Meropenem was appointed along with other medicines without uniform undesirable pharmacological interaction (except a probenetsid about whom it is mentioned above).

Contraindications:

Hypersensitivity to drug.
Children's age up to 3 months.
Children with abnormal liver functions and kidneys.

Overdose:

Side effects after overdose correspond to characteristics of the side reactions described in the section "Side reactions". Symptomatic treatment; hemodialysis.
Use during pregnancy or feeding by a breast.
Meropenem it is not necessary to apply during pregnancy and feeding by a breast, except for cases when the expected advantage for mother exceeds potential risk for a fruit or the child.
In each case drug should be used under direct observation of the doctor. For treatment it is necessary to abstain from feeding by a breast.
Children.
Drug is not used to children aged up to 3 months and to children with abnormal liver functions and kidneys.
Experience of use for children with a neutropenia or primary or secondary immunodeficience is absent.

Storage conditions:

To store in the place protected from light at a temperature not above 20 °C. Not to freeze.
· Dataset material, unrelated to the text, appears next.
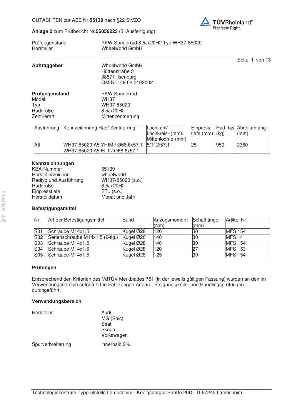 Dieses Gutachten (abe) bezieht sich auf die Alufelge Wheelworld GmbH WH37-85020 in der Ausführung ET 0, Mittenloch 0 mm (KBA 55139). Im PDF findest du typischerweise zulässige Reifengrößen, Auflagen/Anbauhinweise und – je nach Dokument – Hinweise zur Eintragung.
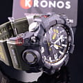 , будильникБудильникБуди́льник — часы, в заданный момент времени подающие звуковой, световой и/или в редких случаях другой сигнал., автоматический календарь до 2099 года, мировое времяМировое время Полезное часовое усложнение, отображающее время в основных городах и известных областях по всему миру, оно связано с часовыми поясами, удобно для путешественников и бизнесменов. , таймерТаймерОтсчитывает секунды в обратном направлении в заданном интервале времени., хронографХронографФункция позволяет измерять отрезки времени с особой точностью: часы, минуты, секунды. Верным признаком хронографа является наличие на циферблате 3 дополнительных окошек-счётчиков.. Габариты: 53,5 x 58,6 x 15,5 мм.

To store in the place, unavailable to children.
It is recommended to apply freshly cooked solutions of Meropenem for in/in injections and infusions according to the conditions given in the table.
 The Duration (Hours) of Stability solvent at  a temperature up to 25 °C of 4 °C
Solvents (1-20 mg/ml) prepared with:
0,9% of sodium  chloride 8 48
5%  glucose 3 14
5% glucose and 0,225% of sodium  chloride 3 14
5% glucose and 0,9% of sodium  chloride 3 14
5% glucose and 0,15% of potassium  chloride 3 14
2,5% or 10% Mannitolum solution for intravenous infusion  3 14
10%  glucose 2 8
5% glucose and 0,02% of sodium
bicarbonate for intravenous infusions  2 8
In preparation time of solution it is necessary to apply standard aseptic techniques.
Before use to stir up the prepared solution.
All bottles are intended only for single application.

Period of validity - 2 years.

Issue conditions:

According to the recipe

Packaging:

On 0,5 g or 0,1 g in bottles; on 1 bottle in a pack.